> What is being asked
Starting with the line where "宜凡家纺 2025新款婴儿绒压花夹棉床盖四件套-香奈花园 香奈花园-浅天蓝" appears, print every line through the end of the entries below exactly as it stands, and leave out the pictures.

- Opening Delimiter -

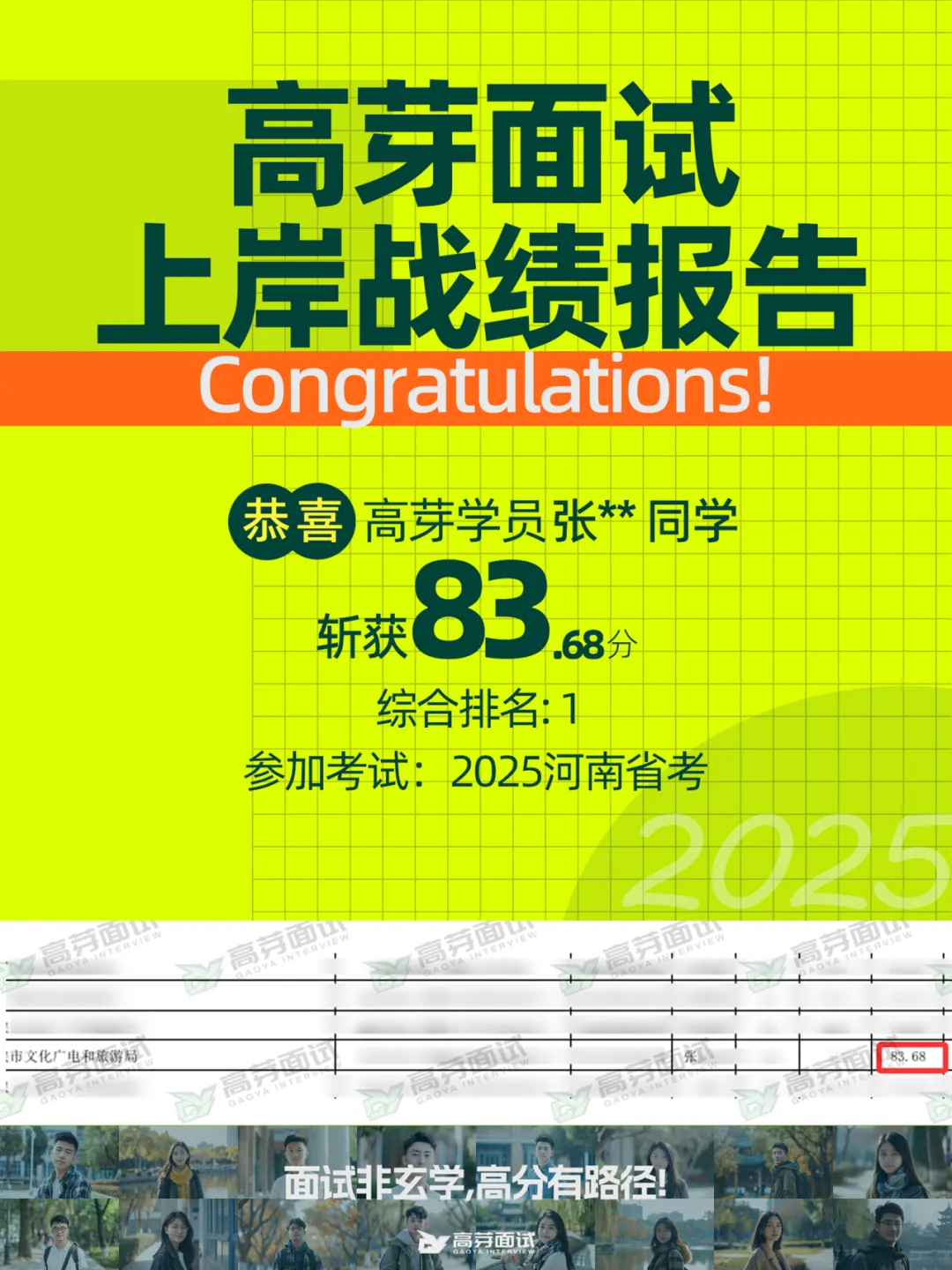 15天面试成功上岸!高芽学员张**同学,面试83.68分斩获三门峡市级文旅局岗位!
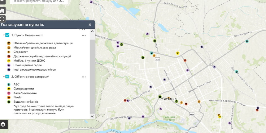 Станом на ранок 23 листопада на карті відображається три десятки зазначених пунктів у Житомирі, найбільше – у центрі міста та в напрямку Богунії. Переважно це місця для обігріву, але є кілька «Пунктів незламності», вони всі мають генератори, а ось Starlink є лише в деяких, зокрема – в міській раді, «прозорому офісі», на залізничному вокзалі. Також на карті позначені два мобільні пункти ДСНС: один вже працює на площі Польовій, 8, а інший встановлять за необхідності біля супермаркету «Метро».
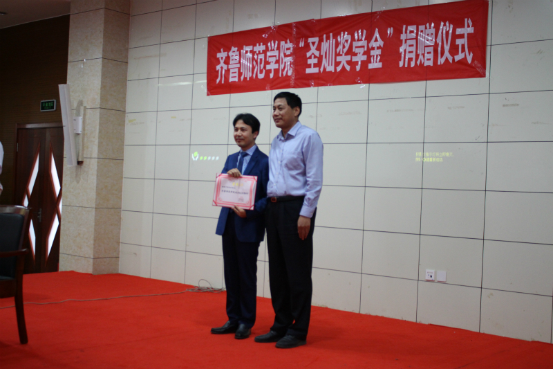 捐赠仪式上,张殿臣副书记向邹圣灿董事长颁发了“优秀校友”证书,张福建副校长从邹圣灿董事长手中接受了所赠与的奖学金。
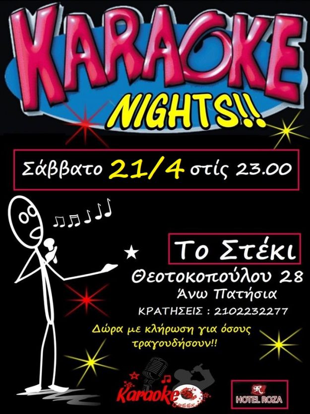 Έχεις βαρεθεί να πηγαίνεις στα μπαρ και απλά να κάθεσαι έχοντας εξαντλήσει όλα τα θέματα συζήτησης με την παρέα σου; Θες στην τελική να δοκιμάσεις τις φωνητικές σου ικανότητες αλλά δεν έχεις τα κότσια να δηλώσεις συμμετοχή στο The Voice; Σου ’χουμε τη λύση. Δοκίμασε μια βραδιά karaoke…….. ΣΑΒΒΑΤΟ 14/4 www.karaokegreekstar.gr
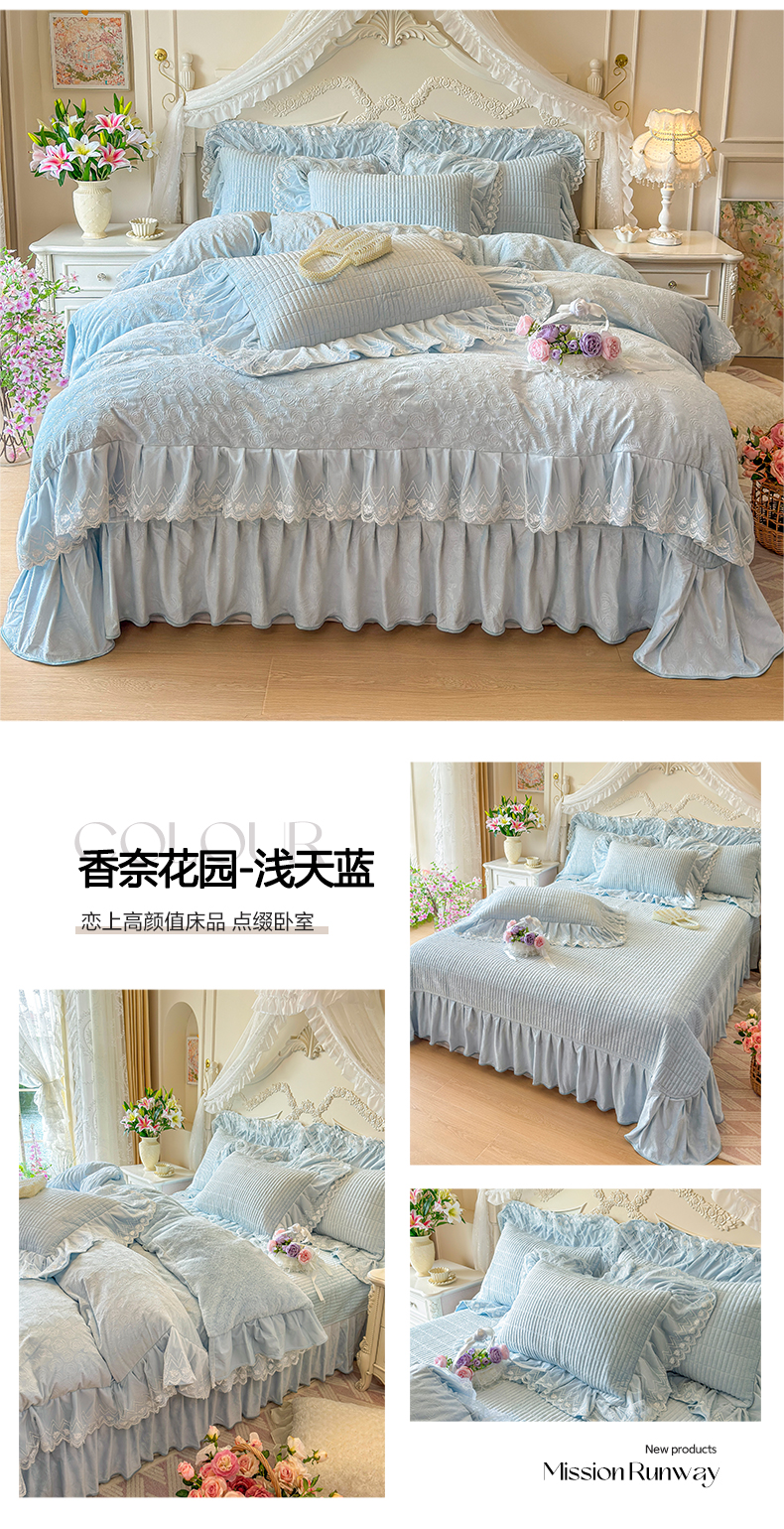 宜凡家纺 2025新款婴儿绒压花夹棉床盖四件套-香奈花园 香奈花园-浅天蓝
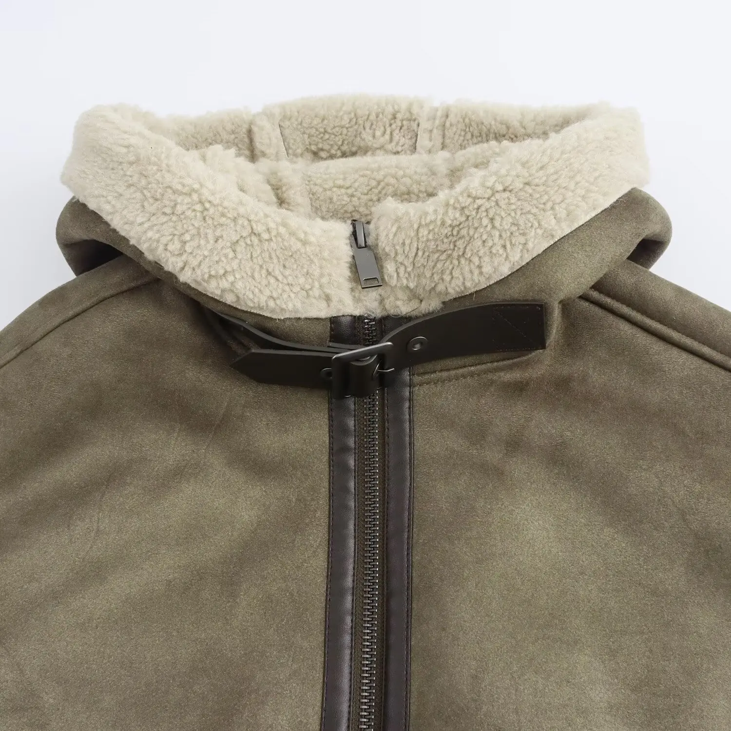 MUJER Double Face Hooded Jackets for Women Zip Padded Plush Jacket Women Outerwear Winter Coat Female Long Sleeve Women's Jacket

- Closing Delimiter -

> Answer below
 宜凡家纺 2025新款婴儿绒压花夹棉床盖四件套-香奈花园 香奈花园-浅天蓝
 MUJER Double Face Hooded Jackets for Women Zip Padded Plush Jacket Women Outerwear Winter Coat Female Long Sleeve Women's Jacket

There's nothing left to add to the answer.